A community’s chances of a speedy recovery from a hung-over Florida housing market not only depend on how many foreclosed homes they have in the neighborhood but even more importantly on which lenders own those properties.

Working as a short sale realtor in Orlando, I can tell you exactly what banks are the best ones for doing short sales as well as which ones make me cringe as soon as I hear their name in a conversation. Now, things tend to change a bit when are talking about bank-owned homes. This is when the lender takes a home through the foreclosure process and ultimately ends up owning the property after it goes to public auction. Once they own the property, it becomes an REO [real estate owned] which they will then list with a local realtor to try and get it sold.

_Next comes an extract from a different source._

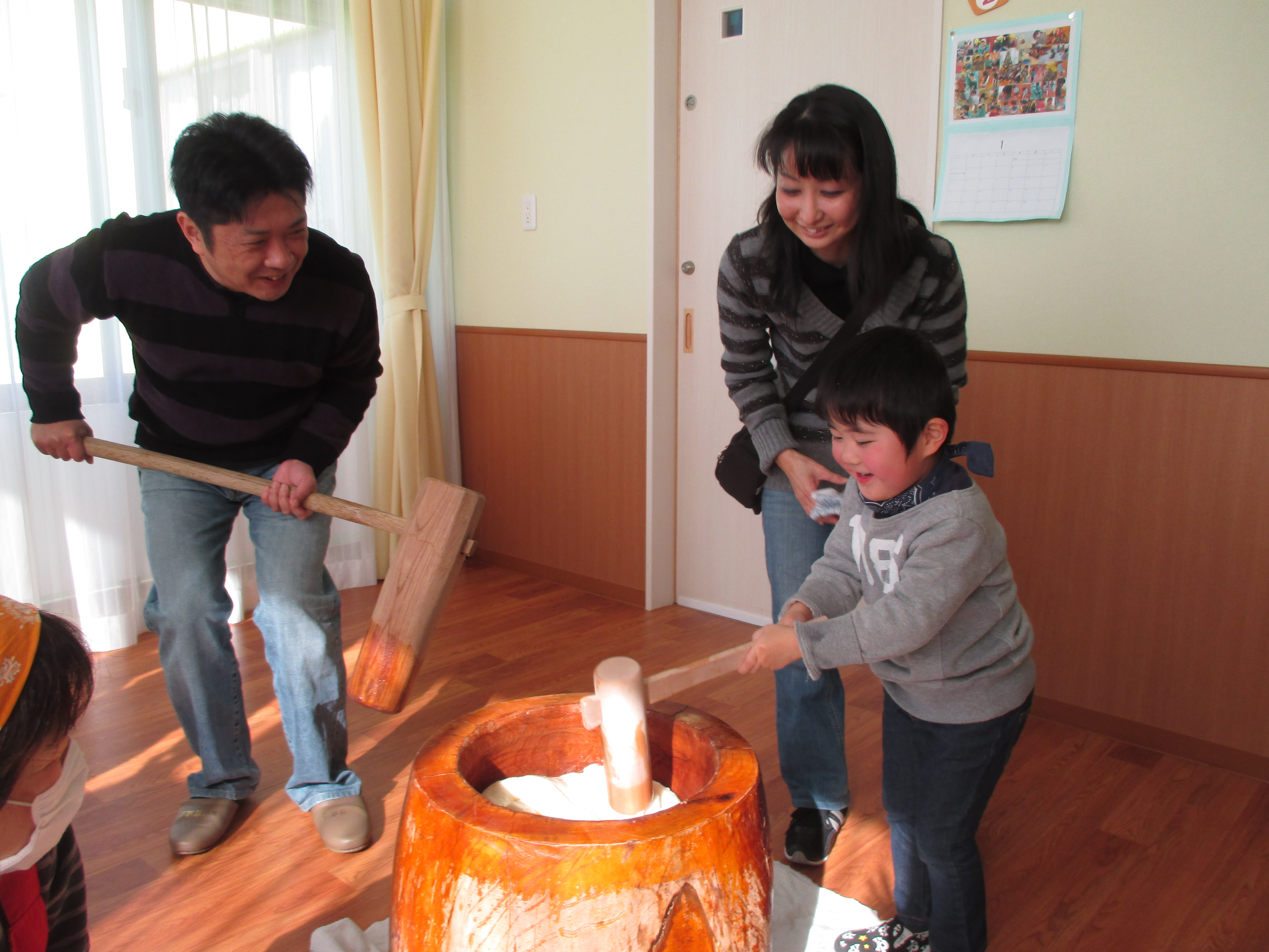 揚げ、餅つき、お餅を食べること、いろいろと「人生初」があったようです。そんな貴重な体験を一緒にできて、ぷれっじにとってよい1日となりました。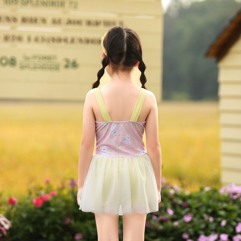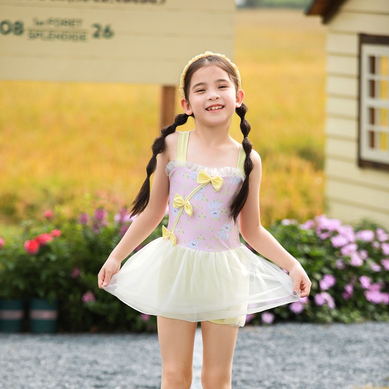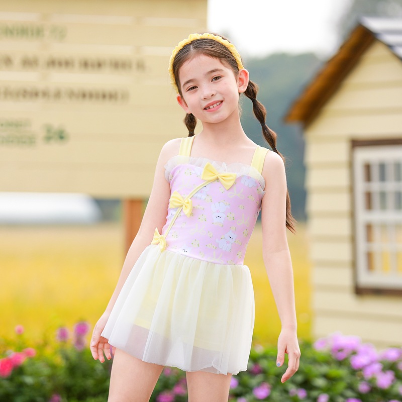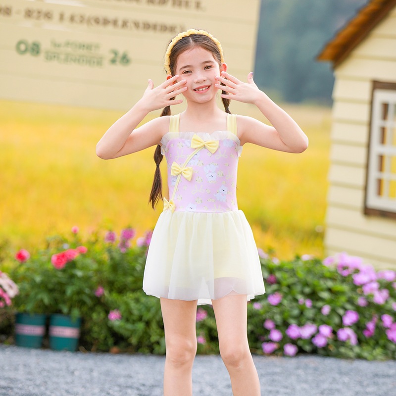신작 한국여자꽃슬링 수영복 서양식 여자아이 수영복 보우 거즈 스커트 세트

You would think that lenders would try and get the property sold as soon as possible to avoid any further losses that they’ve already suffered. However, this is not always the case. Many times a bank-owned property will sit vacantly and abandoned with no sign at all of an attempt on the bank’s part to market it and get it sold.

Some realtors believe that it’s a strategy by the lenders to avoid flooding the market with properties again which would cause a dip in prices so they only release a certain amount of properties over a pre-determined amount of time. Others will tell you that it’s because the banks expect the Florida real estate market to continue improving and they want to hold out in order to try and capitalize on higher sales prices.

If that truly is the case then I believe that lenders are taking a huge risk in holding out to sell in a hotter market. For one thing, you should never ever depend on the appreciation. This is something that I learned a long time ago when I first started investing in Orlando real estate. Getting into a real estate investment for the sole purpose of expecting the market to get hot then cashing out is what got a whole lot of folks into trouble in 2007.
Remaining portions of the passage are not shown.